Tuesday, September 4, 2012

"Wellen, Marina, wir Meer!"

The title of this post ("Waves, Marina, we sea") comes from Rainer Maria Rilke's elegy to Marina Tsvetaeva-Efron, one of the most noble powerful statements against ego in Art I happen to know, made by a great poet on the verge of his death.

On the right is a collage of nine  paintings corresponding to nine Shakespeare's sonnets, from 10 to 18, and linked, in various ways, to work of four great painters of the past and also to the deepest and most painful depths of my own mind and soul. To put it another way, they represent two strategies of relinquishing my ego and connecting, as a wave, however small and insignificant in the grand scheme of things, to the sea Rilke talks about.

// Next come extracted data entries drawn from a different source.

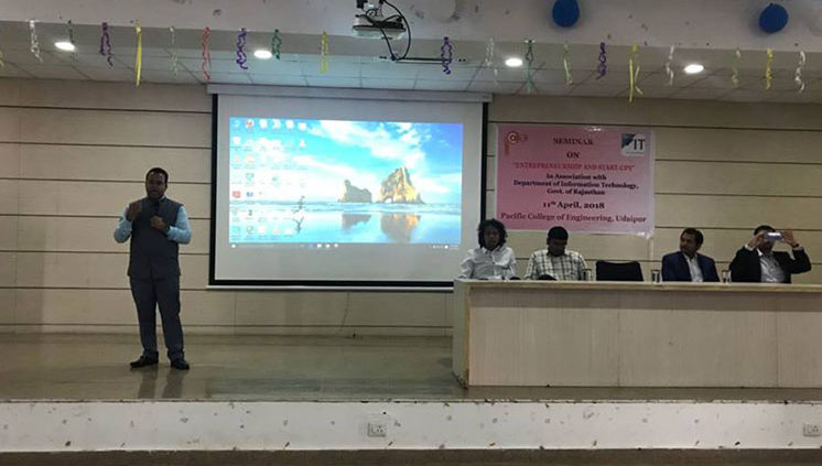 Faculty of Engineering organized a Seminar on Entrepreneurship and Start-ups in association with Department of Information Technology and Communication (DoIT&C), Government of Rajasthan. Keynote speaker was Kapil Soni (CEO, FiveSplash) , Vaibhav Chouhan (CEO, Zigzaw Consultancy), Chaahat Khattar, Madhukar Bhardwaj and Dhawal Singhal (Manager, DoIT&C). Quiz and other activities were also organized and more than 200 engineering students participated in this Seminar.
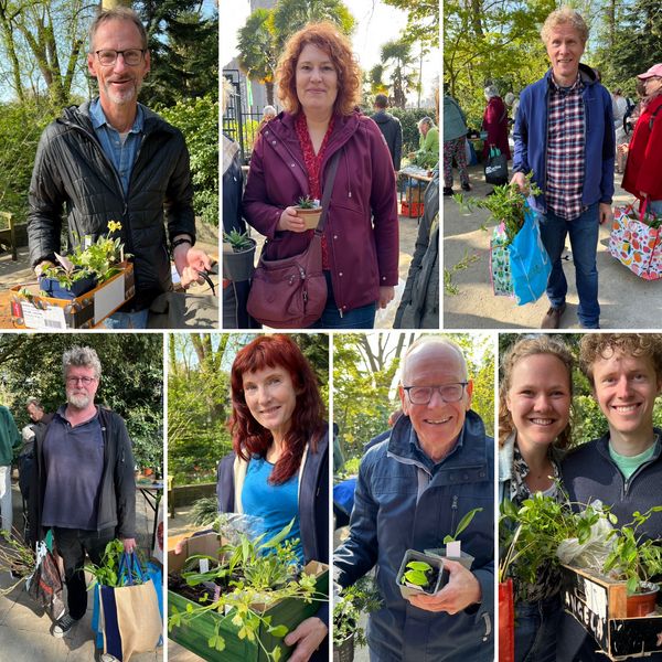 Na afloop fotografeerden we dan ook heel veel blije tuinliefhebbers met hun nieuwe aanwinsten: kamerplanten en heel veel tuinplanten.  Het tijdschema is elke keer hetzelfde: vanaf 10 uur leveren de plantenliefhebbers hun overtollige stekjes en potjes in. De vrijwilligers van Groei & Bloei Delft voorzien ze van namen en stallen de planten uit, en vanaf half 11 mag ieder de planten van zijn of haar gading uitzoeken en meenemen. Om 11 uur is het alweer klaar.
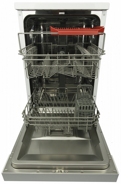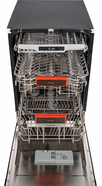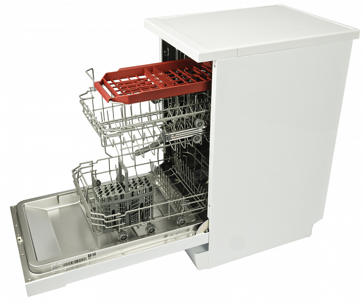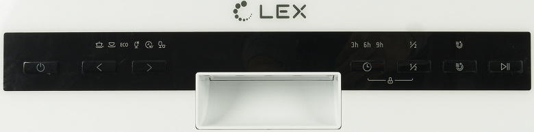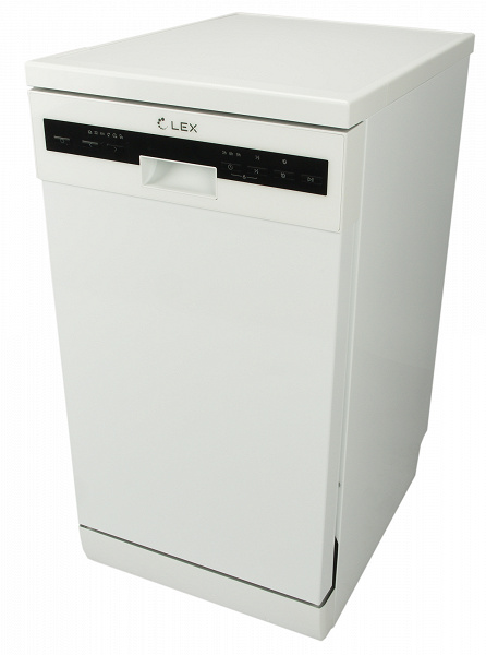 Lex DW-4562 WH рассчитана на 10 комплектов и располагает довольно простым простым набором функций. Так, программ всего шесть (нормальная, интенсивная, эко, стекло, 90 минут, быстрая), отсрочка старта возможна на 3, 6 или 9 часов. В тестах прибор показал хорошее качество мытья, однако эффективность заметно снижалась при максимальной загрузке. Результат сильно зависит и от правильности расстановки посуды: если поставить тарелки и кастрюли аккуратно, то моет отлично; если «накидать» хаотично как попало, часть загрязнений может остаться, но при аккуратной эксплуатации справляется на уровне более дорогих конкурентов. Сушка здесь тоже конденсационная, и ее результат предсказуемый — полностью сухой посуды после цикла ждать не приходится.
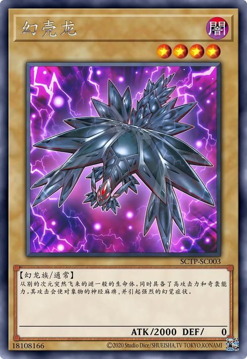 卡片介紹:【卡片名字:幻殼龍】【屬性:暗】【等級(jí):4】【種族:幻龍族】【卡片種類:通常怪獸】【攻擊力:2000】【守備力:0】
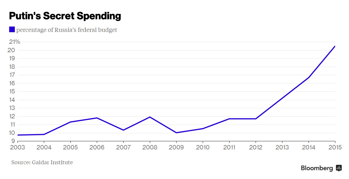 Согласно данным, собранным агентством Блумберг, Путин ассигнует беспрецедентные суммы из секретных фондов, для того чтобы ускорить самое большое, после Холодной войны, наращивание военного потенциала России. По оценкам Института Гайдара, независимого мозгового центра в Москве, так называемая «черная» часть федерального бюджета, согласованная, но не детализированная, удвоилась с 2010 года - до 21 % и теперь составляет 3.2 триллиона рублей (60 миллиардов долларов).
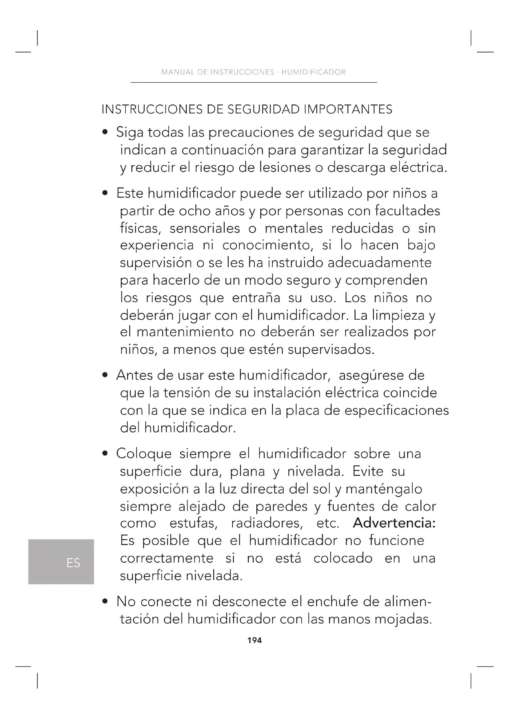 MANUAL DE INSTRUCCIONES · HUMIDIFICADOR193
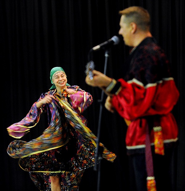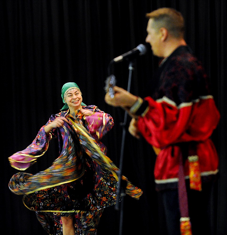 The group is made up of about 25 people, but only three are on this tour; they always have someone to dance, sing and play instruments. This time around, Smirnov plays the garmoshka, a Russian-style accordion; Elina Karokhina plays the balalaika, a three-stringed, triangular instrument; and Alisa Yegorova dances.
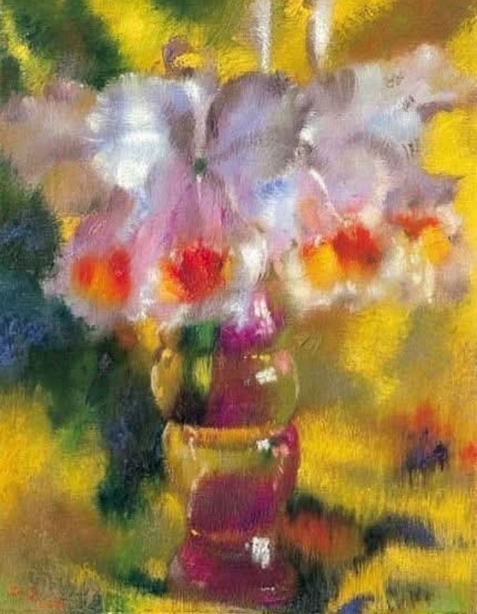 «Орхидеи на жёлтом грунте» (1928) — орхидеи на ярком солнечном фоне фоне, где каждый лепесток словно светится;

Inevitably, it is also my statement against the quest for novelty and "originality" in painting (or in art in general, for that matter). In contrast to Science, with its accumulation of knowledge based on previous discoveries insights, there is no progress in Art: it deals with ever essentially the same universal challenges of human condition, which everyone has to meet and resolve anew, for themselves. 

The works of art are here to help us, to show us some pathways, to give us an Ariadne's thread. The answers we find will rarely be new or "original", but they cannot be borrowed from anyone else, only found in the mazes of our own lives and minds. And so the power of an artwork is not in its dubious originality, but in the strength and universality of the thread it offers to hold onto in this maze. 

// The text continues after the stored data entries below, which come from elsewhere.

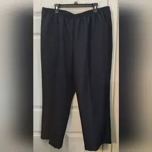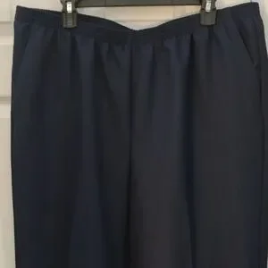 Sophisticated navy dress pants by Alfred Dunner with elastic waistband, 2 front pockets. Proportioned short fit, Ideal for formal and casual settings. Comfortable fit and timeless style. Size 18WS, waist measurements in photos, rise 16", inseam 26.5".
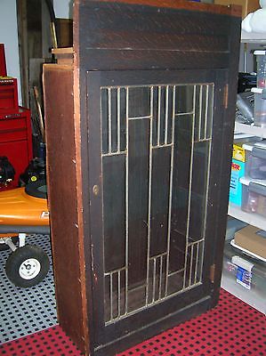 Antique OAK salvaged BUILT IN KITCHEN CABINET with LEAD GLASS-adjustable shelves
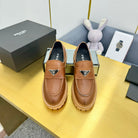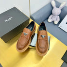 LOAFER WITH TRIANGLE LOGO IN COGNAC CALFSKIN
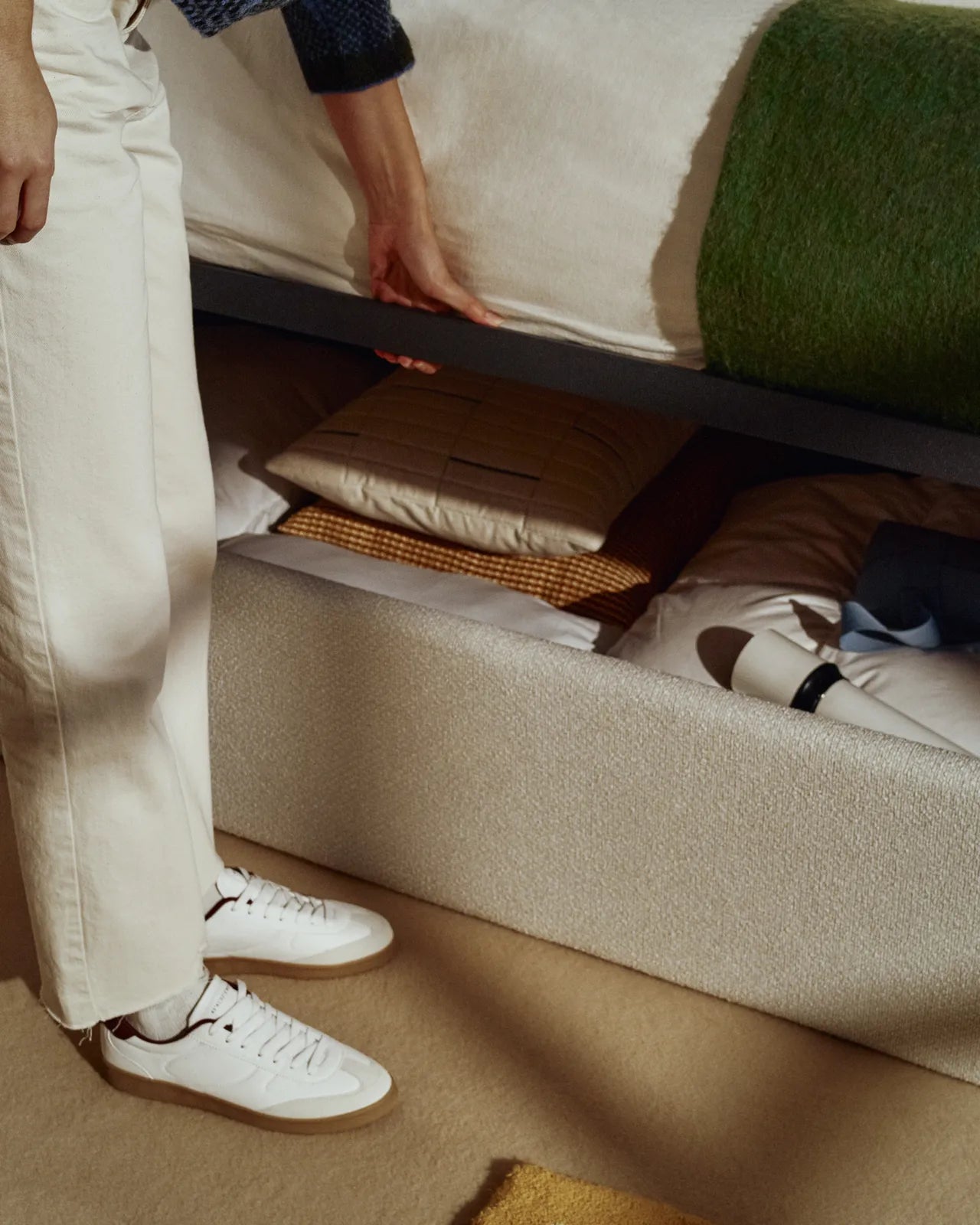 Das abziehbare, aufklappbare Bett mit Stauraum Nelzi vereint Design und Funktionalität in einem Möbelstück, das optimale Raumnutzung mit gepflegter Optik verbindet. Es verfügt über einen Öffnungsmechanismus mit Gasdruckfedern und einen übersichtlichen Innenraum ohne Trennwände, der mehr Stauraum bietet und eine einfachere Organisation ermöglicht. Der Bezug aus kleinstrukturierter Chenille fühlt sich weich und angenehm an. Der strapazierfähige Stoff mit schmutzabweisender Behandlung lässt sich leicht von Haaren befreien, wodurch er leicht zu pflegen ist und über lange Zeit in einwandfreiem Zustand gehalten werden kann. Der Lattenrost besteht aus hochflexiblen Pappelsperrholzlatten, die an geräusch- und stoßdämpfenden Polyethylenhalterungen befestigt sind. Nelzi wird aus 100 % FSC™-zertifiziertem Holz und Stoff von einem nach OEKO-TEX® STANDARD 100 zertifizierten Lieferanten hergestellt, was eine unbedenkliche und verantwortungsvolle Produktion gewährleistet. Das in Europa hergestellte Produkt spiegelt unser Engagement für Qualität, Langlebigkeit und Nachhaltigkeit wider.

But there is something, I believe, particularly ridiculous in the quest for originality in painting or other works of visual arts which have to be original to really work (all puns intended). A novel, a poem, even a movie – they can all be reproduced infinitely and thus reach, in theory, every person in the world. Yet everyone who has ever been to a museum knows that a painting cannot be really reproduced (at least not now), which means that they can reach only a small fraction of people – and even these people would often see it in crowded room, for too short a time, with severely limited possibility of a real connection, which happens when you perceive the work for a long time, in solitude and silence. The quest for originality in painting is a quest to gain one's place in a crowded museum, in the books on art history – not to touch the souls or to enhance people's lives, which is, when all is said and done, what it ought to be about.